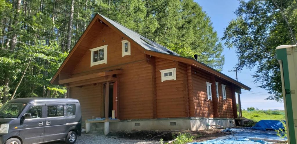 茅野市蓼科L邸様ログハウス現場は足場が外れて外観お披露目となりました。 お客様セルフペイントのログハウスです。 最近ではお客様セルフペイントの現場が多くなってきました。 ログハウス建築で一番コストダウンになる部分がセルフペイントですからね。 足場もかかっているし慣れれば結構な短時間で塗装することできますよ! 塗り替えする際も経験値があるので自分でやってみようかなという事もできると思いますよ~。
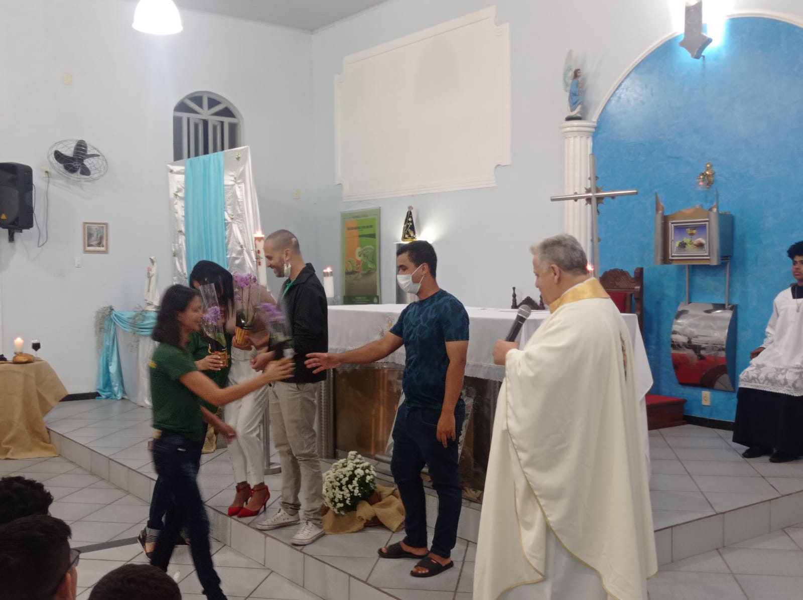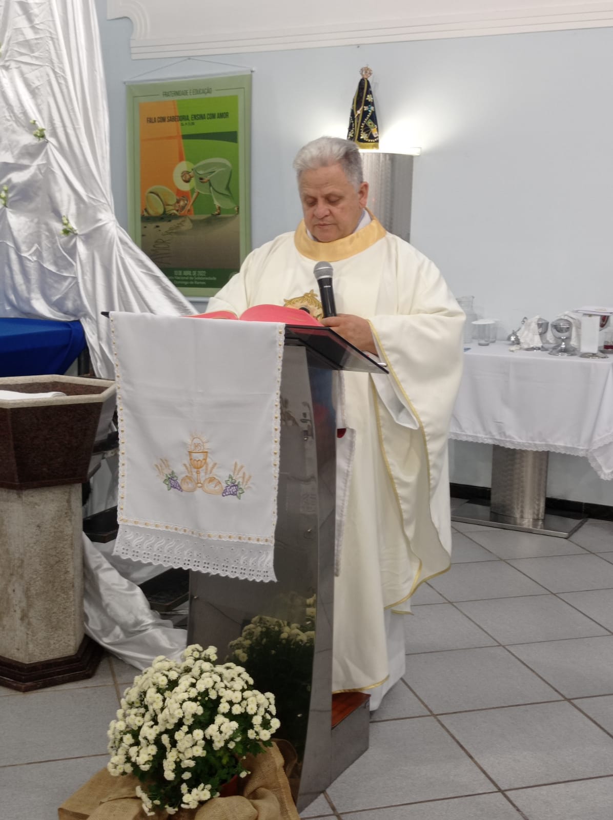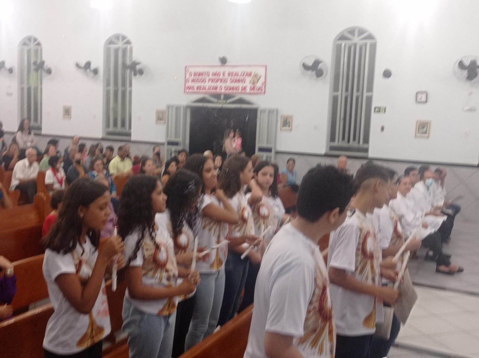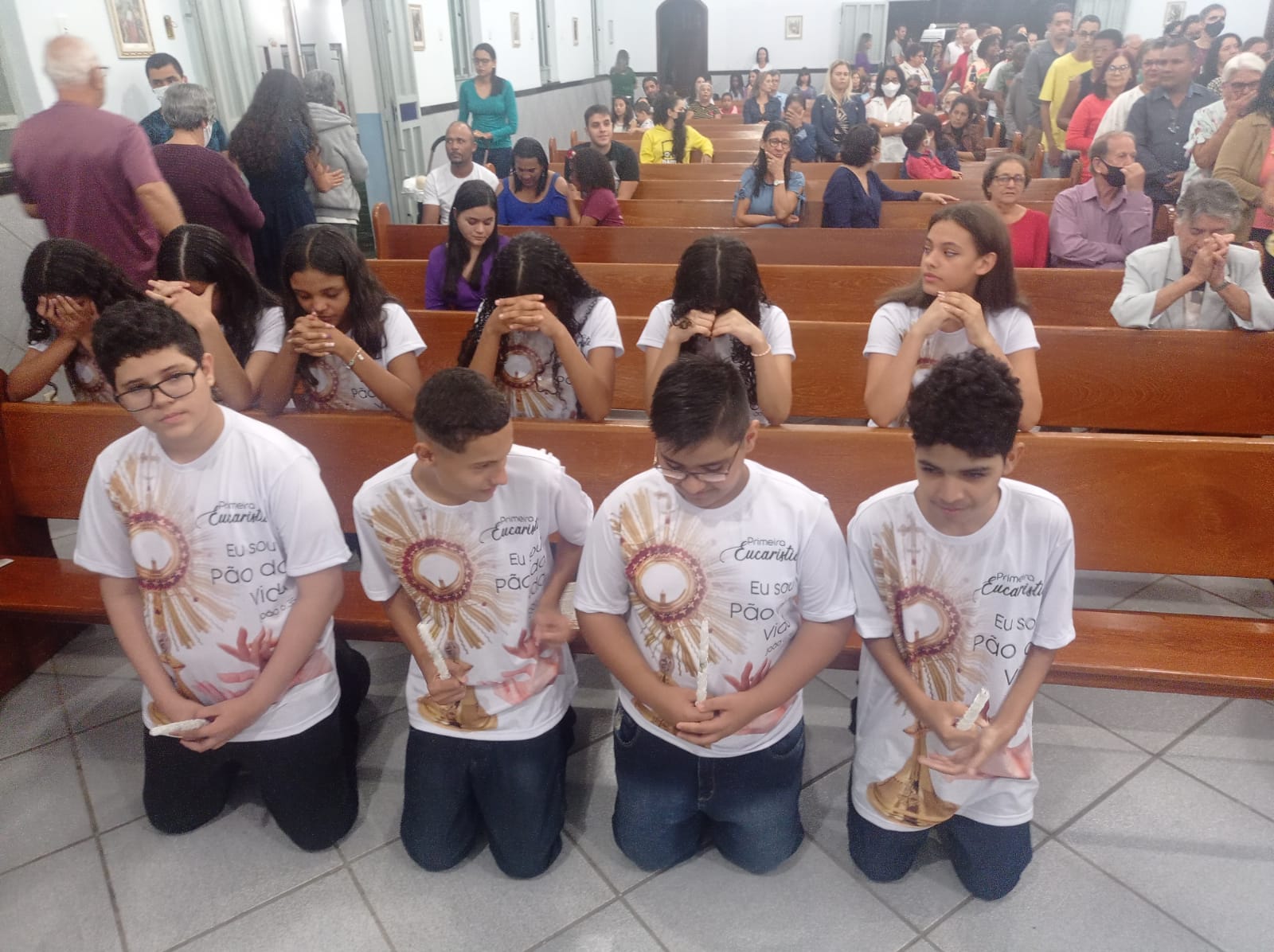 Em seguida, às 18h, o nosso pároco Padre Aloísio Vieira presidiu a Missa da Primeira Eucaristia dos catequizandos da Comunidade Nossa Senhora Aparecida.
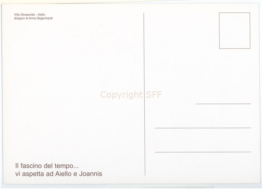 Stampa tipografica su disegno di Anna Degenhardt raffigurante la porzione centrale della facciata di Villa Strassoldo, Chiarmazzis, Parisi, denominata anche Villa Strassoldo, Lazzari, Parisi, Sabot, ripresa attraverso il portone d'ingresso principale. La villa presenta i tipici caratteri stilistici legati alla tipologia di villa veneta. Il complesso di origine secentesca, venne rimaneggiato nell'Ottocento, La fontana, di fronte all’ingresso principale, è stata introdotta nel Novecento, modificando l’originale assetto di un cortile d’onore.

__________

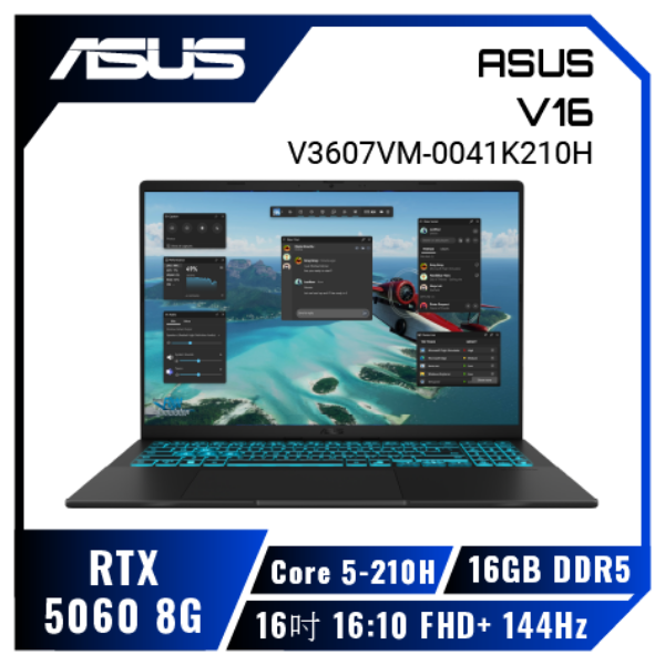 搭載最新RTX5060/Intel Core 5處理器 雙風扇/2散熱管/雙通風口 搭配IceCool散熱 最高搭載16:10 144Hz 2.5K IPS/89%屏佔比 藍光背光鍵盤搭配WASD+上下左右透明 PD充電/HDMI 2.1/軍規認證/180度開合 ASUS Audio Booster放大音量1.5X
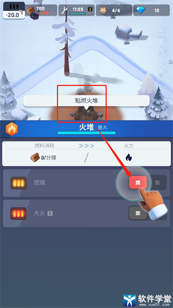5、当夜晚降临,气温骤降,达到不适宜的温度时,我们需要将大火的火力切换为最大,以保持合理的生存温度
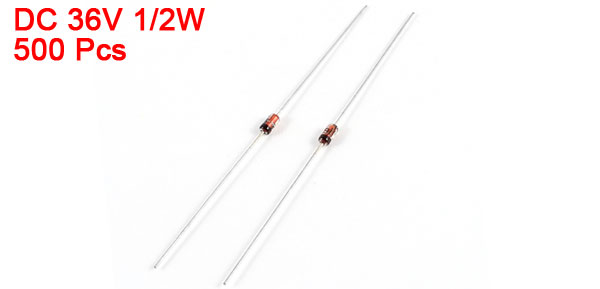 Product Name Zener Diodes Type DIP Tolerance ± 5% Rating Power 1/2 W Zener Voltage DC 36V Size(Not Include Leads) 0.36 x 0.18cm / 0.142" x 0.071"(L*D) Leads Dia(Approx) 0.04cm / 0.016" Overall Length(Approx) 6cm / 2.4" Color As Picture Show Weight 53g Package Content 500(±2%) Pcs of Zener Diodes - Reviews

__________

◆ WHAT THE TASK ASKS: Quote word for word only the lines above from the one containing "搭載最新RTX5060/Intel Core 5處理器" through the one containing "Product Name Zener". Pictures stay out of your copy.

◆ ANSWER FOR THE TASK:
 搭載最新RTX5060/Intel Core 5處理器 雙風扇/2散熱管/雙通風口 搭配IceCool散熱 最高搭載16:10 144Hz 2.5K IPS/89%屏佔比 藍光背光鍵盤搭配WASD+上下左右透明 PD充電/HDMI 2.1/軍規認證/180度開合 ASUS Audio Booster放大音量1.5X
5、当夜晚降临,气温骤降,达到不适宜的温度时,我们需要将大火的火力切换为最大,以保持合理的生存温度
 Product Name Zener Diodes Type DIP Tolerance ± 5% Rating Power 1/2 W Zener Voltage DC 36V Size(Not Include Leads) 0.36 x 0.18cm / 0.142" x 0.071"(L*D) Leads Dia(Approx) 0.04cm / 0.016" Overall Length(Approx) 6cm / 2.4" Color As Picture Show Weight 53g Package Content 500(±2%) Pcs of Zener Diodes - Reviews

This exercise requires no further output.